HSE publishes long-delayed service plan for 2014

The HSE has said it plans to make €619m in cuts next year, down from an original projection of €666m.

HSE publishes long-delayed service plan for 2014

The HSE has said it plans to make €619m in cuts next year, down from an original projection of €666m.

Just €23m of the projected savings will derive from medical card 'probity review', far shy of the original figure of €133m floated at Budget time.

The figures were revealed this morning as the HSE announced its long-delayed 2014 service plan, which details the exact level of cuts to be imposed in the next 12 months.

The document is usually published within 21 days of the wider government budget, on which it is based.

However, due to serious concerns over the sheer scale of cuts heaped upon the already overstretched service, the 2014 report’s release instead suffered two unprecedented 10-day delays, the latter of which ended at midnight on Monday.

The repeated pushing back of its publication date was caused by a tense stand-off between Health Minister James Reilly and Public Expenditure and Reform Minister Brendan Howlin over the level of proposed cuts.

However speaking in the Dáil this morning, Minister Reilly said he knew from Budget day that he could never deliver up to €133m in savings from medical cards.

"I reiterate my underlying principle, which is that I do not wish to see services cut," Minister Reilly said.

"I wish - and need - to see the cost of those services cut, and that is what this Government is about."

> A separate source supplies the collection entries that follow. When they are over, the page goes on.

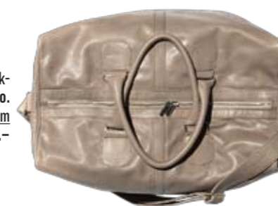
Weggefährte Lederweekender, Griesbach & Co. www.griesbachweb.com ► CHF 860.-
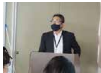
株式会社ベネッセソシアス様
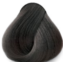
3 Dark Brown Castaño Oscuro
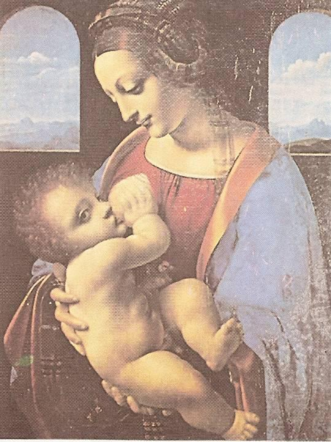
Мадонна Литта. Эрмитаж, Санкт- Петербург.
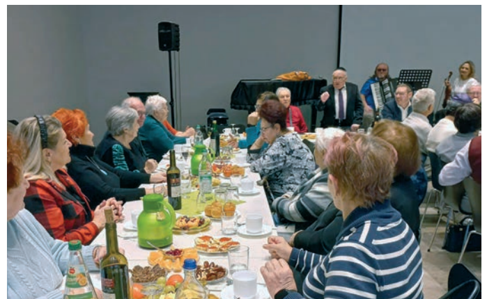
Zu Gast bei Freunden in der Gemeinde Regensburg.
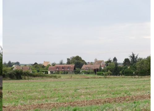
La commanderie vue depuis les champs
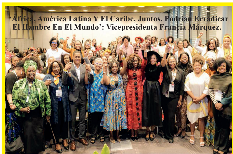
‘África, América Latina Y El Caribe, Juntos, Podrían Erradicar El Hambre En El Mundo’: Vicepresidenta Francia Márquez.

“Nuestra meta es alcanzar una cobertura del 90,8 % en todo el territorio. Para lograrlo, hemos duplicado el presupuesto: pasamos de 1,5 billones en 2022 a 3 billones de pesos este año”, afirmó el directivo.
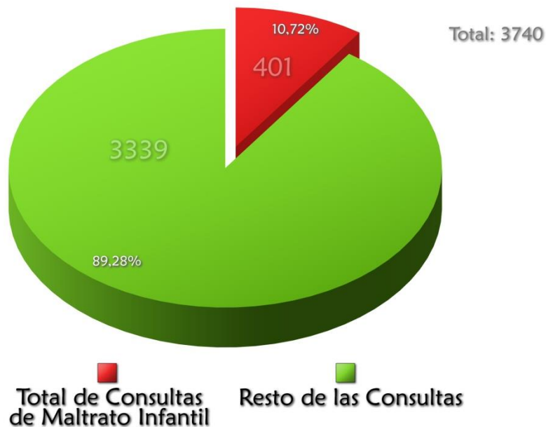
Porcentaje Casos de Violencia Infantil sobre el total de Consultas en Centro de Salud San Martín de VGG. en 2019

Según la división por grupo etario la mayor frecuencia se halló en el grupo 3 (mayores de 6 a 12 años). Grafico 2
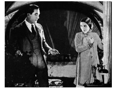
1922 LA COLÈRE DES DIEUX (The Vermillion Pencil) de Norman Dawn avec Bessie Love
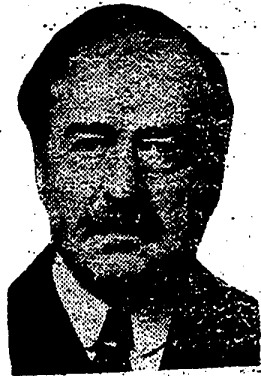
Don Vicente Blasco Ibañez

Adaptación de la famosa novela del mismo título del inmortal no- velista valenciano.
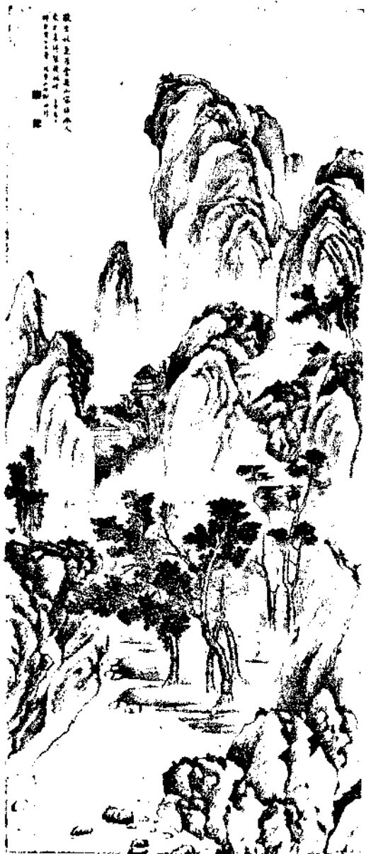
Landscape By Shao Mao Hu
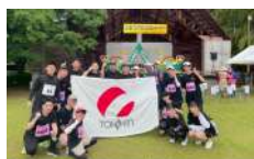
優しい先輩・にぎやかな職場・楽しいイベント 元気に楽しく働ける！！
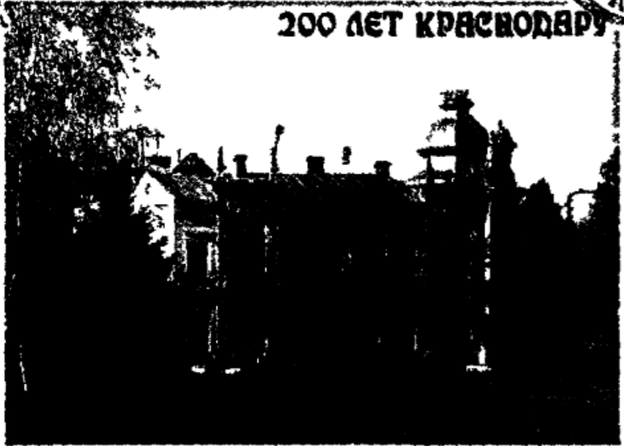
Художественный музей имени А. В. Луначарского
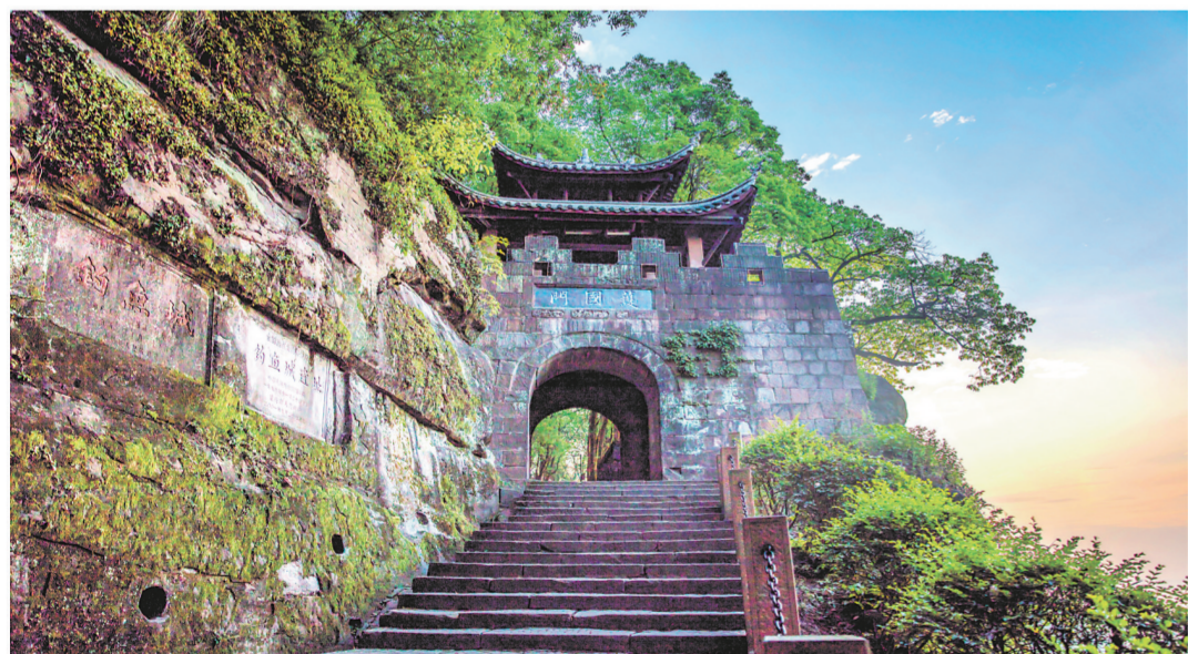
钓鱼城古战场遗址护国门

Meanwhile Minister Howlin has said he will fund a once-off, targeted redundancy scheme aimed at administrators in the HSE.

Brendan Howlin says the issue was discussed by the Cabinet yesterday and he will use money from the sale of State assets to pay for the scheme.

"I'm anxious where there is clearly too many administrators - if that is the case, if the HSE have identified and targeted people who are not required in the delivery of services and they propose to me a targeted voluntary redundancy scheme, I will fund it," he said.

The HSE says around 75,000 people will lose medical cards next year.

It says a review of all medical cards currently in issue will result in around 25,000 people losing the cards they already hold.

Another 30,000 will be taken from older people who are now over the income limits for a full medical card.

However the HSE has slashed the amount it expects to save from reviewing medical cards.

Director General Tony O'Brien says the original target set down by government simply could not be achieved.

"In order to completely remove any doubt about the €113m figure, by agreement we're re-allocating from our budget for pension lump sums €63m, and our original target of €20m is increasing by €3m to €23m," he said.

"So instead of €133m, we now have €23m," he added.

Reacting to the details of the service plan, the Irish Medical Organisation (IMO) says the proposals amount to an austerity charter for the health sector, and that the budget for the coming year is simply not adequate to provide the level of care necessary.

The Irish Nurses and Midwives Organisation (INMO) meanwhile said it is deeply concerned about the impact on essential frontline services.

INMO General Secretary Liam Doran said neither his members, or patients, can tolerate more cuts.

"We have got from a place of a very comprehensive service down to one which is deeply uneven, deeply flawed," Mr Doran said.

"The IMNO gets contact every day from member saying they haven't enough staff, they can't meet patient need, they can't deliver the type of quality assured outcomes they want to.

"And now you have a health service plan which is saying you've got to do even more with even less."